Verified manifest signed by PackageProduction_11_4_0
Verified junos-11.4R12.4-domestic signed by PackageProduction_11_4_0
Using junos-12.1X46-D65.4-domestic from /altroot/cf/packages/install-tmp/junos-12.1X46-D65.4-domestic
Copying package ...
Verified manifest signed by PackageProductionRSA_2016
Hardware Database regeneration succeeded
Validating against /config/juniper.conf.gz
Connectivity fault management process: rtslib: WARNING kernel has new unknown messages: expected 102 got 103,a reboot or software upgrade may be required
Connectivity fault management process:
Connectivity fault management process: rtslib: WARNING version mismatch for msg residx: expected 98 got 0,a reboot or software upgrade may be required
Connectivity fault management process:
Connectivity fault management process: rtslib: WARNING version mismatch for msg unknown: expected 98 got 0,a reboot or software upgrade may be required
Connectivity fault management process:
mgd: commit complete
Validation succeeded
rm: /cf/var/validate/chroot/mfs/var/etc/pam.conf: Operation not permitted
rm: /cf/var/validate/chroot/mfs/var/etc: Directory not empty
rm: /cf/var/validate/chroot/mfs/var: Directory not empty
rm: /cf/var/validate/chroot/mfs: Directory not empty
rm: /cf/var/validate/chroot: Directory not empty
Installing package '/altroot/cf/packages/install-tmp/junos-12.1X46-D65.4-domestic' ...
Verified junos-boot-srxsme-12.1X46-D65.4.tgz signed by PackageProductionRSA_2016
Verified junos-srxsme-12.1X46-D65.4-domestic signed by PackageProductionRSA_2016
JUNOS 12.1X46-D65.4 will become active at next reboot
WARNING: A reboot is required to load this software correctly
WARNING:     Use the 'request system reboot' command
WARNING:         when software installation is complete
Saving state for rollback ...
  1. On success exit the cli and umount the storage device
root> exit 

root@% umount /mnt
  1. enter cli mode again and request reboot
root@% cli
root> request system reboot 
warning: The configuration has been changed but not committed
Reboot the system ? [yes,no] (no) yes
  1. Log back in and show version and look for alarms
root@% cli
root> show version 
Model: srx210b
JUNOS Software Release [12.1X46-D65.4]

root> show chassis alarms 
No alarms currently active

Conclusion

The SRX210B device is now been successfully identified, factory reset, I have remote root access and the Junos OS has been upgraded to a known good version.

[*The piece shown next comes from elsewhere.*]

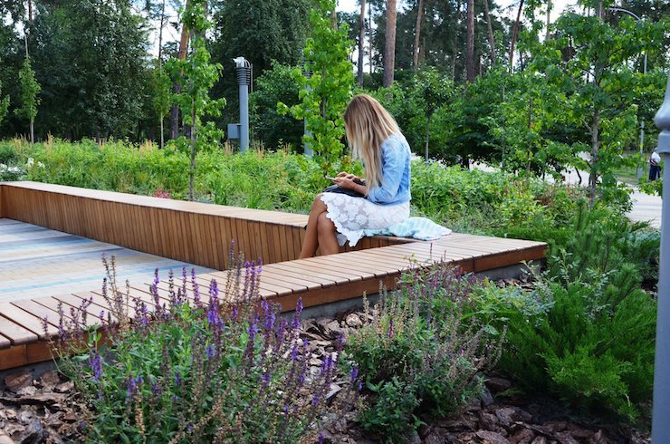 Біля входу висадили клени, березу, магнолію, сакуру, кущову вишню, сливи. Для квітників використали багатолітні квіти. Також біля заїзду до парку залили асфальтом майже 2000 квадратних метрів майданчика для паркування автомобілів.

I have also shown there are no problems with the device at present.

The primary partition has now been changed to da0s1a. The upgrade process formatted this partition and promoted it for next startup. The original partition is still in place as backup now and i can revert to it. I will give it some time to ensure it is okay then issue the ‘request system snapshot slice alternate’ to bring it to the same version ‘12.1X46-D65.4’ as the primary.